In Riddle; Obsolescence, the first large-scale exhibition by 502 Bad Gateway, the artist duo looks to confront the relationship humankind shares with its own depreciated lifespan, in both its fragments and its entirety.
Mystical Galerie introduces the show. Positioned closest to the exhibit entrance, it immediately invites the viewer to sit down at a desk and simply play a game. Digital concepting for this piece, which is visually inspired by 1990s home computer adventure games, was among the first things the duo worked on and it is in many ways a frozen capsule of their early conceptions of the show. Serving as a past representation of their perception of what gallery goers’ future will become, the piece attempts to establish the temporal roots of Riddle; Obsolescence.

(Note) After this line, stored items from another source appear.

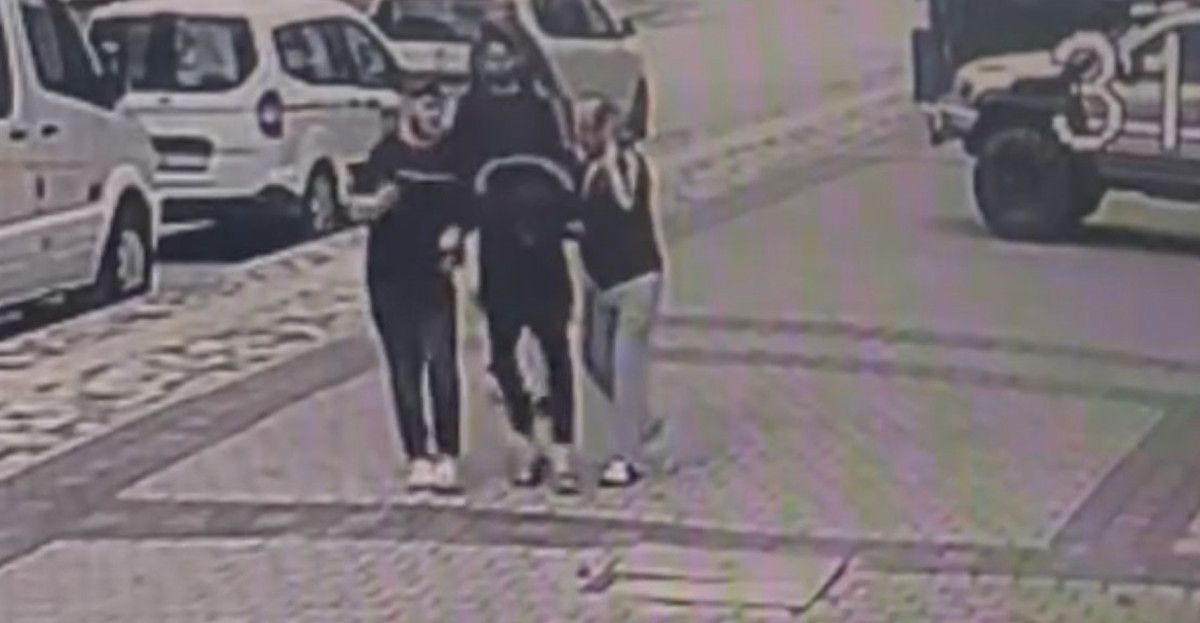 O anlar güvenlik kamerasına anbean yansırken, kuşkulu polis gruplarına teslim edildi.
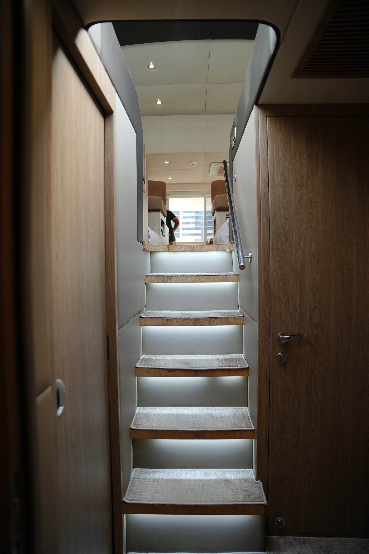 Step inside LUNA ROSA – GOLD to discover a refined saloon with cream carpeting, high-gloss cherry wood interiors, and panoramic windows. The upper saloon offers a dining table and curved seating, while the lower saloon creates a cozy lounge for social moments.
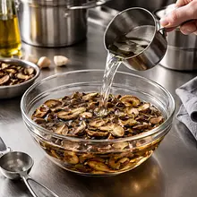 Użyj ceramicznej lub szklanej miski. Jeśli po 40 minutach środek grzybów jest nadal twardy, przedłuż namaczanie do 60 minut. Wywar z grzybów zachowaj — dodamy go do bulionu dla wzmocnienia smaku.
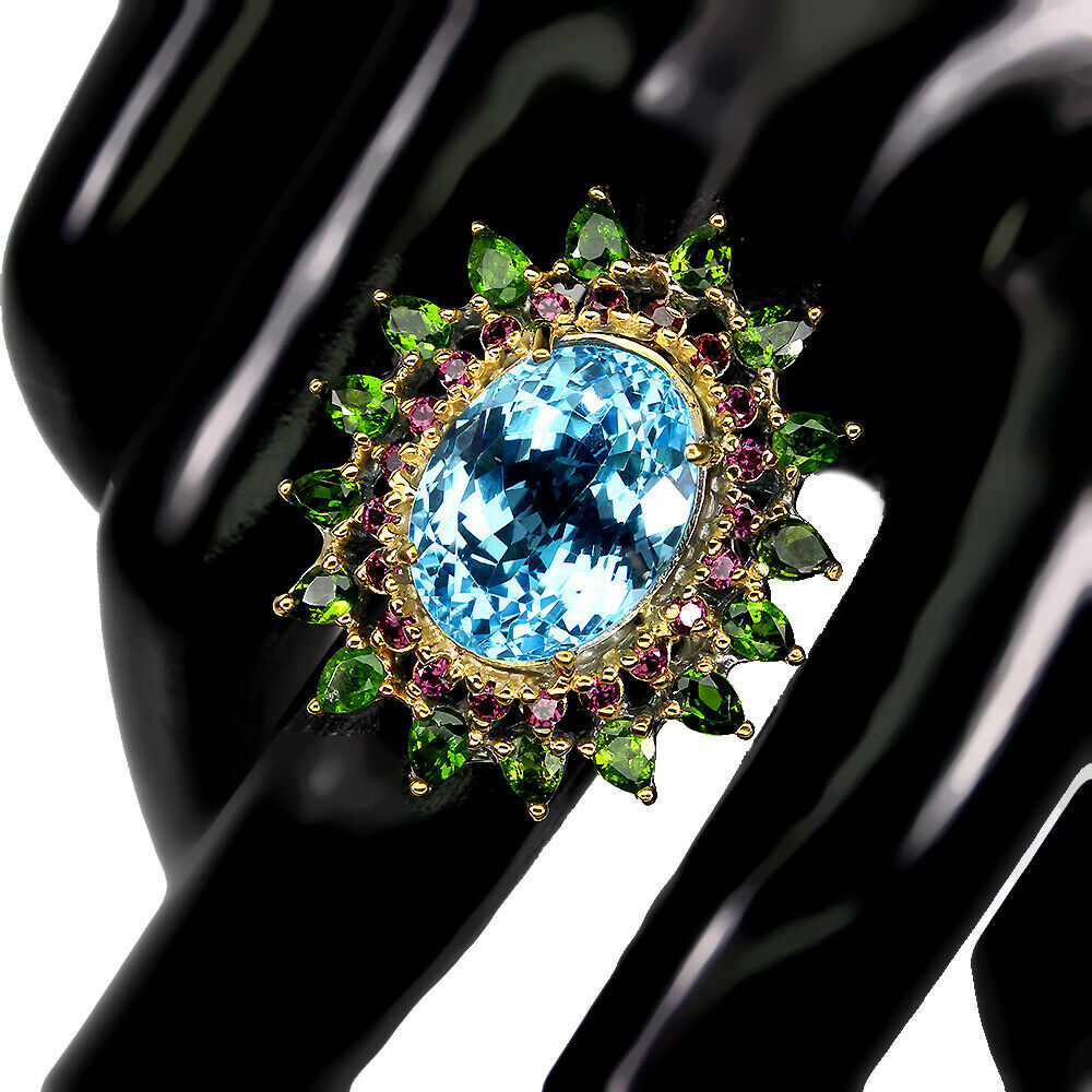 14K Gelb- und Weißgold plattierten Silber - 925 Ring mit natürlichem Granat (Rhodolith), Diopsid und 17kt himmelblauem Topas.
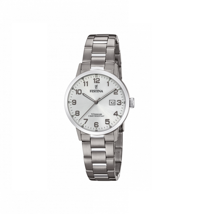 Enkle og stilfulde dameure i titanium, med tydelige visere, samt dato visning.
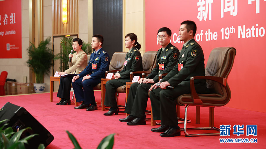 10月22日,十九大新聞中心在梅地亞中心二層新聞發(fā)布廳舉辦集體采訪活動,主題為“中國特色強軍之路邁出堅定步伐”。圖為集體采訪活動現(xiàn)場。新華網(wǎng) 郝廣鵬攝
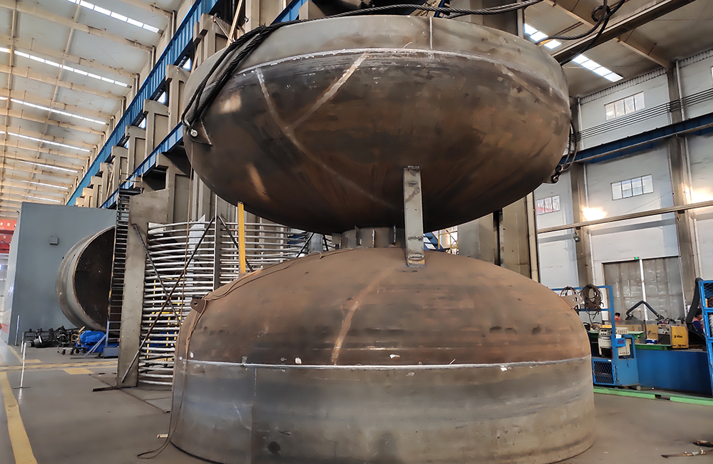 在設備加工技術創(chuàng)新方面,制造與工程事業(yè)集團技術人員努力攻關,自制工裝模具配合4000T 壓力機設備突破了容器膨脹節(jié)壓制技術瓶頸,實現(xiàn)容器膨脹節(jié)自制,同時對大直徑分瓣錐節(jié)組裝方式優(yōu)化,節(jié)約了成本,保證了項目設備需求。項目所需風管的組對制作,原工藝流程包括設備支腿焊接、葉片開孔按圖紙逐臺進行劃線定位、焊接、開孔,工作效率較低。技術人員摸索試驗了新的位置定位方式,使用模板對支腿、擋板位置進行劃線,工作效率提高了3 倍。
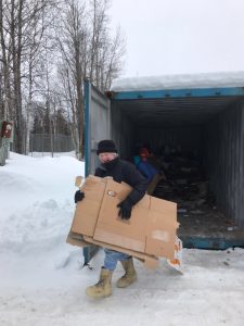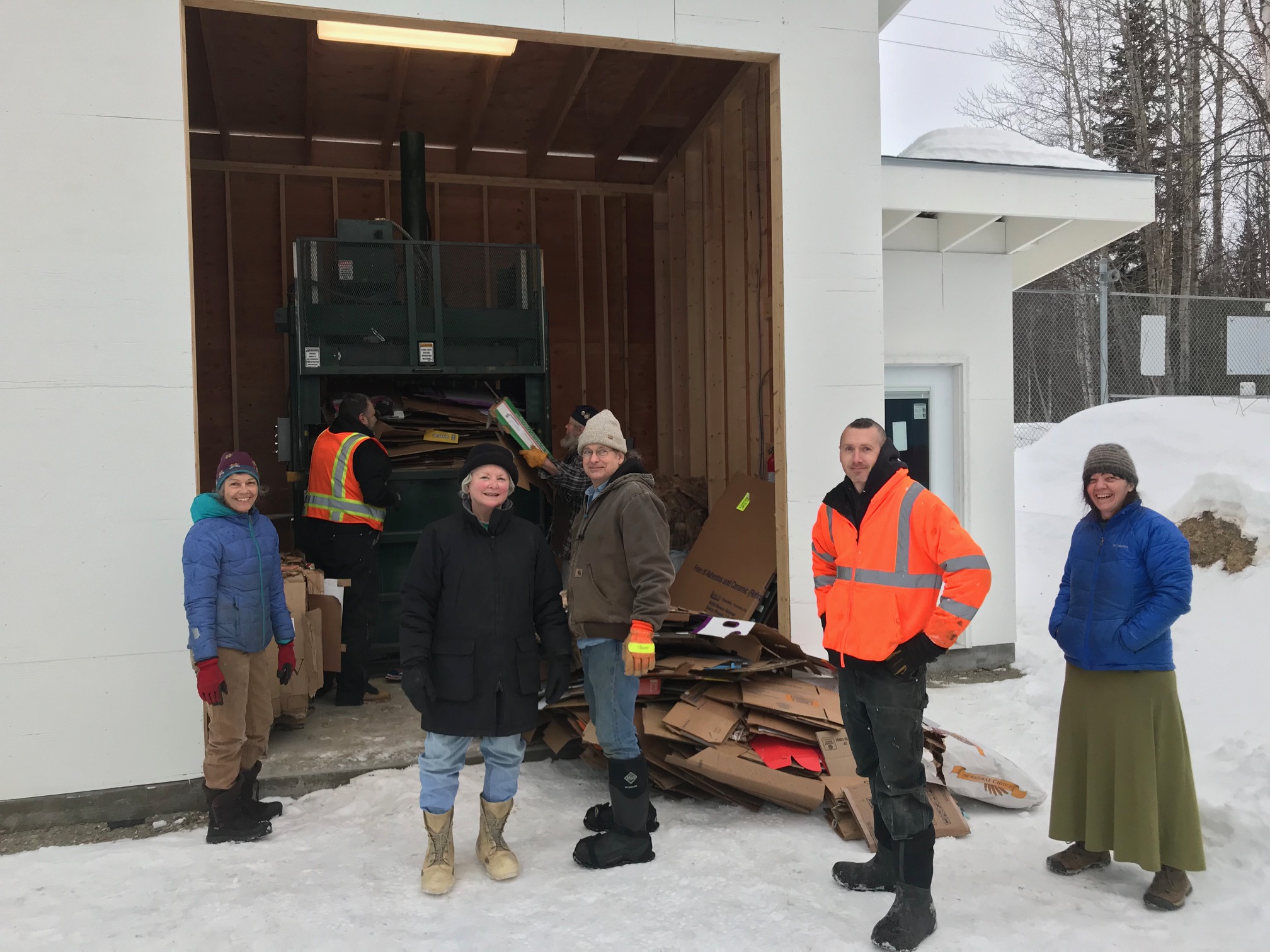 A long-anticipated goal has been realized at the Talkeetna transfer station. After years of discussion and paperwork, the cardboard baler is online. Talkeetna Recycling Works of the Talkeetna Community Council, Inc. and the Mat-Su Borough teamed together on this project with the main objective to re-purpose cardboard while keeping it out of the landfill. Though reaching a final agreement between the borough and the TRW was complex, both Mat-Su Solid Division Waste Manager, Butch Shapiro and chair Brenda Walsh of Talkeetna Recycling Works, applaud the widespread community effort to create the space for the baler.
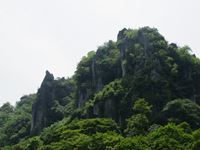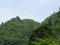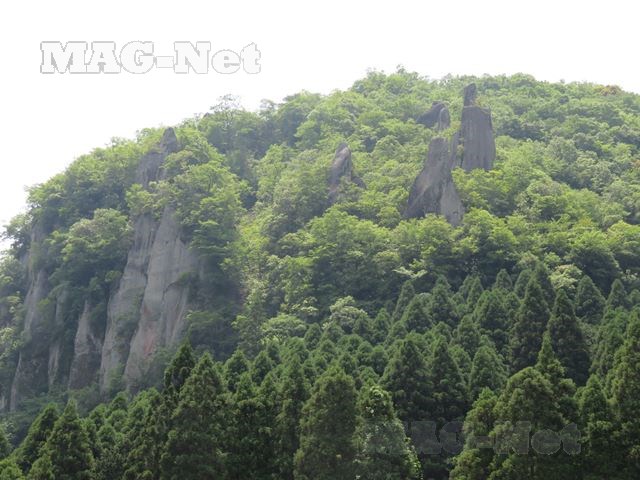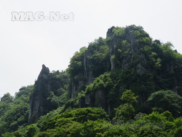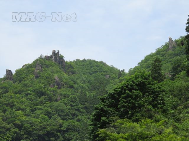 山の木々の間からは岩肌が覗き、荒々しく美しい山の風景を目にすることができます。
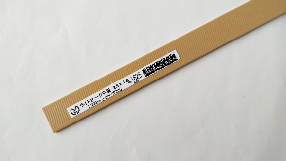 | ホームセンターで「ライトオーク平板」を購入しました。長さは1mあります。18mm幅で厚みが2.5mmですね。上の写真の裏面側に長手方向に筋が入っており、かなり曲げやすい板材です。まあ良く似た他のものもあるかもしれません。 | |
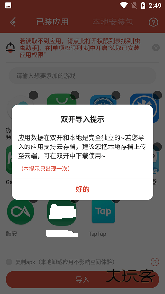 2、点击导入应用、游戏
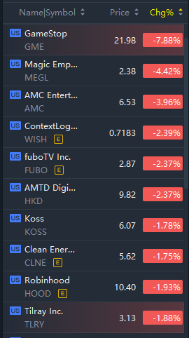 Meme stocks crashed in morning trading; GameStop fell over 7% while AMC Entertainment fell nearly 4%.
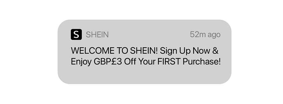 Secara teori, aplikasi memerlukan pendaftaran akun hanya ketika pengguna memutuskan untuk melakukan pembelian. Tetapi pemasar aplikasi, seperti Shein, mendorong pengguna untuk mendaftar lebih cepat melalui pemberitahuan push selamat datang yang tepat waktu.
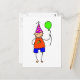 Belle illustration fantaisiste d'un petit garçon de bande dessinée allant à une fête d'anniversaire portant son casquette de fête et tenant son ballon. Image disponible sur divers cadeaux et produits.
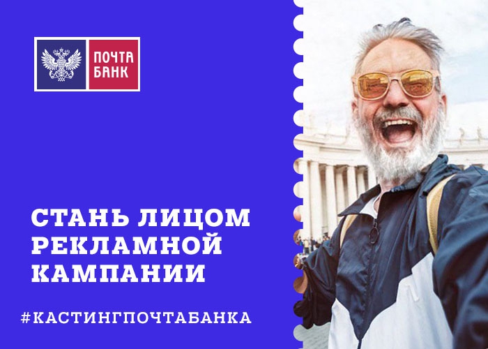 Для участия в кастинге достаточно просто опубликовать свое «состаренное» фото, добавив к нему хэштег #кастингпочтабанка, а также подписаться на страницу банка в одной из соцсетей. Главными критериями отбора фото станут яркость, динамичность и креативный подход. Авторы 10 лучших фото также получат видеокамеры Go Pro.
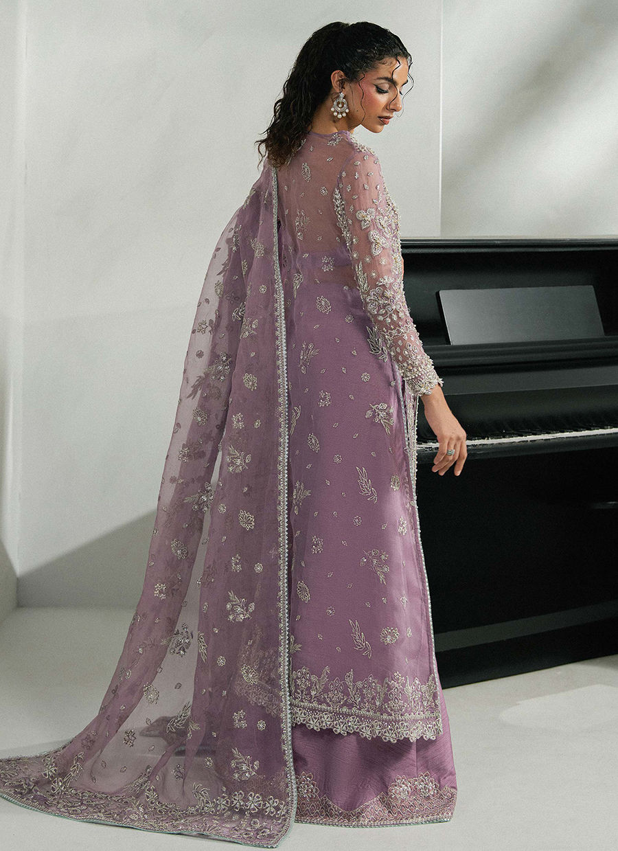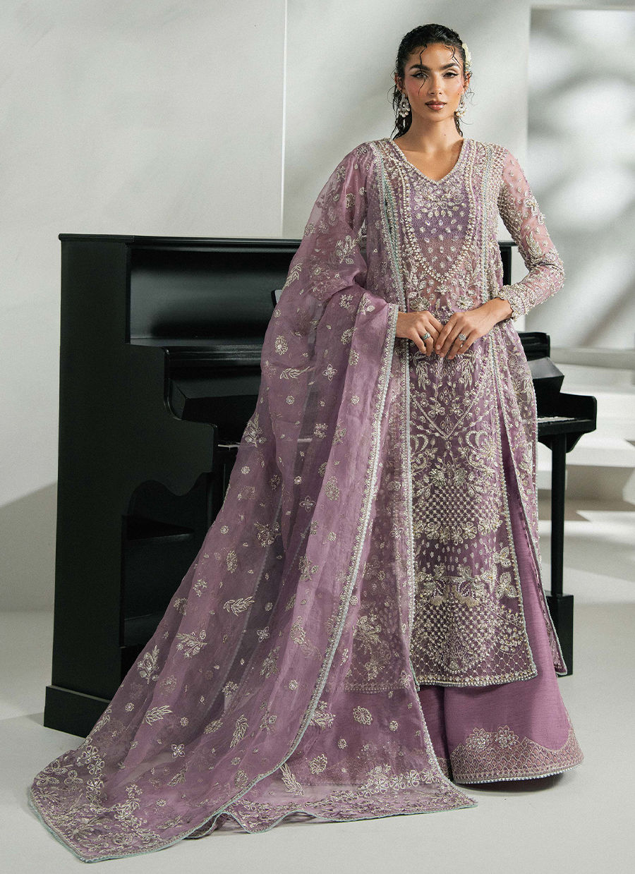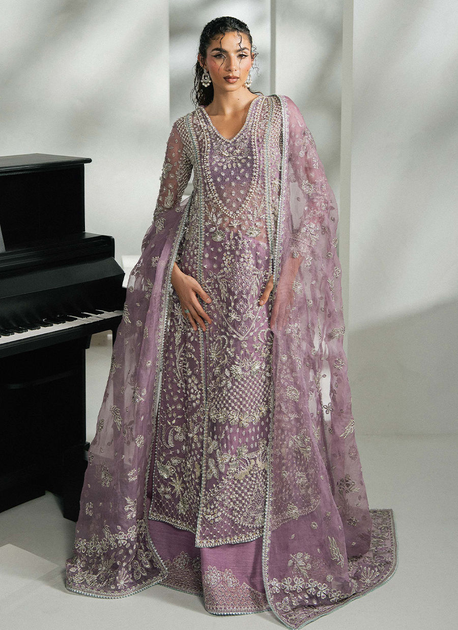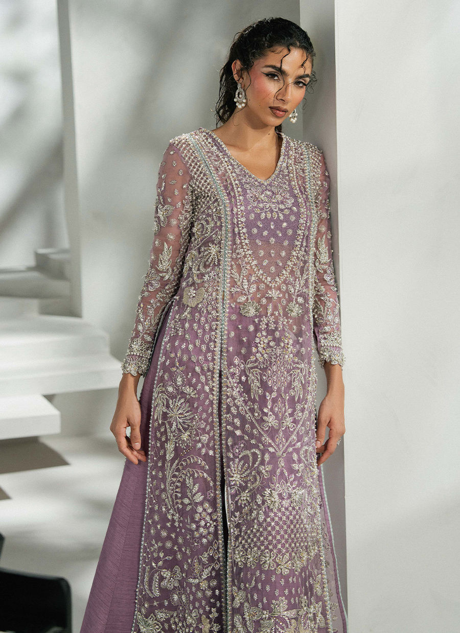 Gaspard is a vision of graceful elegance in ash lilac, this 3-panel front-open shirt is beautifully adorned with resham embroidery and delicate sequin work, each motif crafted with timeless artistry. Paired with flared Raw silk pants and an Oganza dupatta featuring a two-sided heavy pallu, the ensemble radiates refined sophistication and luxurious charm.
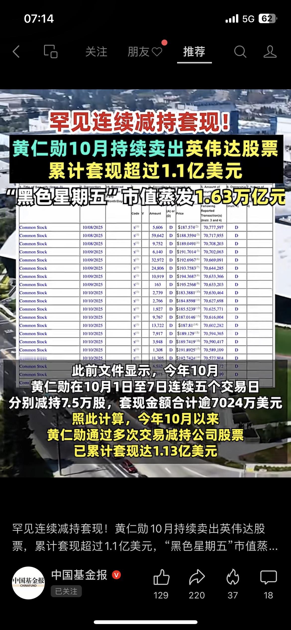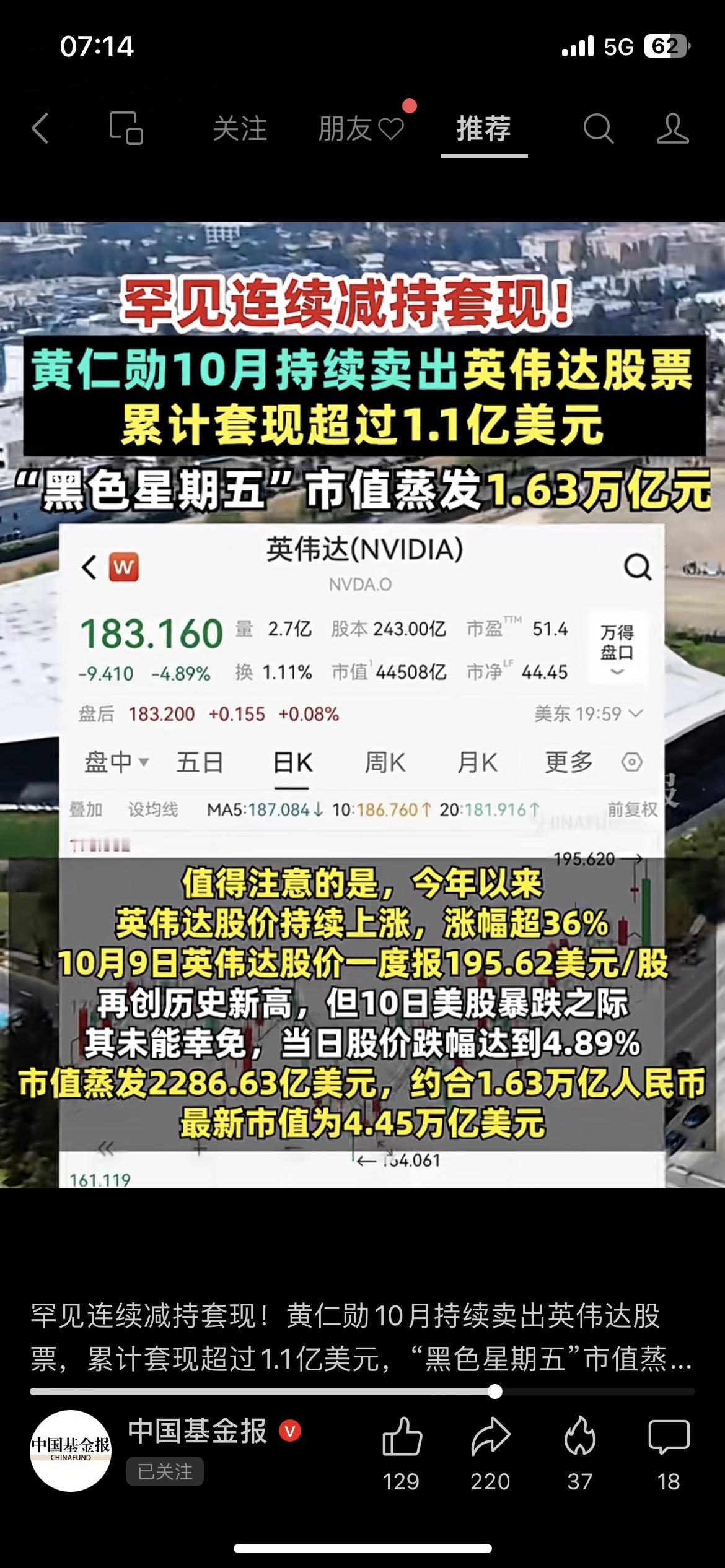 黄仁勋狂卖英伟达股票套现1.1亿美元!黑色星期五市值蒸发1.63万亿,这波操作你看懂了吗? 家人们,科技圈大新闻!黄仁勋10月疯狂减持英伟达股票,累计套现超1.1亿美元,紧接着英伟达就遭遇"黑色星期五",市值直接蒸发1.63万亿元!这波操作是不是有点太巧合了? 咱就说,黄仁勋作为英伟达的掌舵人,在股价创新高的时候连续减持,这信号也太明显了吧?要知道英伟达今年股价涨了36%,结果他一卖就暴跌,这是精准逃顶还是另有隐情? 我觉得啊,这事儿绝不是简单的套现那么简单。要么是黄仁勋知道些内幕消息,要么就是美股科技股的泡沫真的要破了。你们说,这波减持对英伟达后续走势影响有多大?咱们普通投资者还敢不敢碰科技股了?评论区聊聊,也让我看看大家都是怎么分析这波操作的! 英伟达 英伟达行情 英伟达股价行情
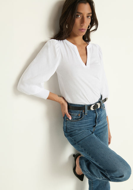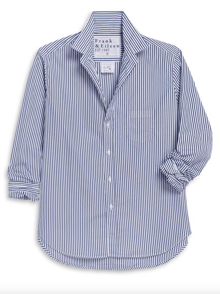Frank and Eileen Relaxed Button-Up Shirt (White Navy Stripe)
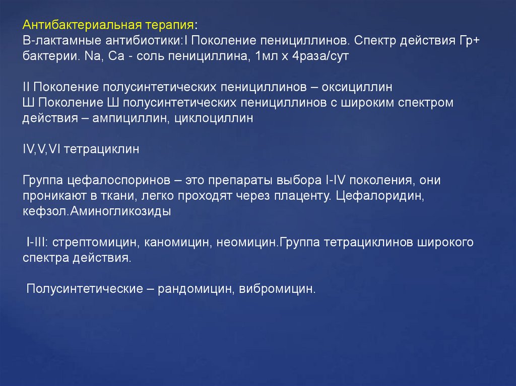 Этиотропное лечение.Основа лечения – назначение антибиотиков. Необходимо

Omitted Catalogues in Matrice takes two microfiche readers, common to libraries and archival offices, and uses them as nonlinear storytelling devices. The stories are seen by sliding the microfiche plate around, exposing frames to the lens and projecting them on the front of the devices. Each machine can read a piece of microfiche film that explores versions of ideas, characters, and locations found within other components of the show.
The Q Publics is a piece that was started roughly 70 years ago. 502 Bad Gateway inherited the legs of this piece when a box of painstakingly edited 8mm home movies from the 1950s American suburbs was given to them with a projector at a yard sale. This piece confronts the loss of memories that happens when media formats change, and tries to honor their survival. The projector is loaded with a film loop that hangs from the ceiling and moves rapidly, cycling through memories. The reels are projected onto a sculpted “screen” created via manipulation of one film frame in 3D software, and 3D printed into physical structure.
The duo’s networked paintings hybridize oil paintings with interactive elements, representing landscapes as vertical equirectangular visions of imagined locations. All five works include reactive components that encourage viewers to touch and use the paintings. They each attempt to recreate the unique perspective angle of a flattened 360° image, illuminating every possible viewpoint of a single moment.
Each concrete sculpture in Riddle; Obsolescence has an alternate material element woven into its structure: copper for Bone and Arrow, bismuth in Long Story Short, and plastic for The Holophote Library. As each sculpture traveled through the process of being made– from one software to the next and finally to the physical world– its form was changed and guided by intention, but ultimately left to the whim of impermanence.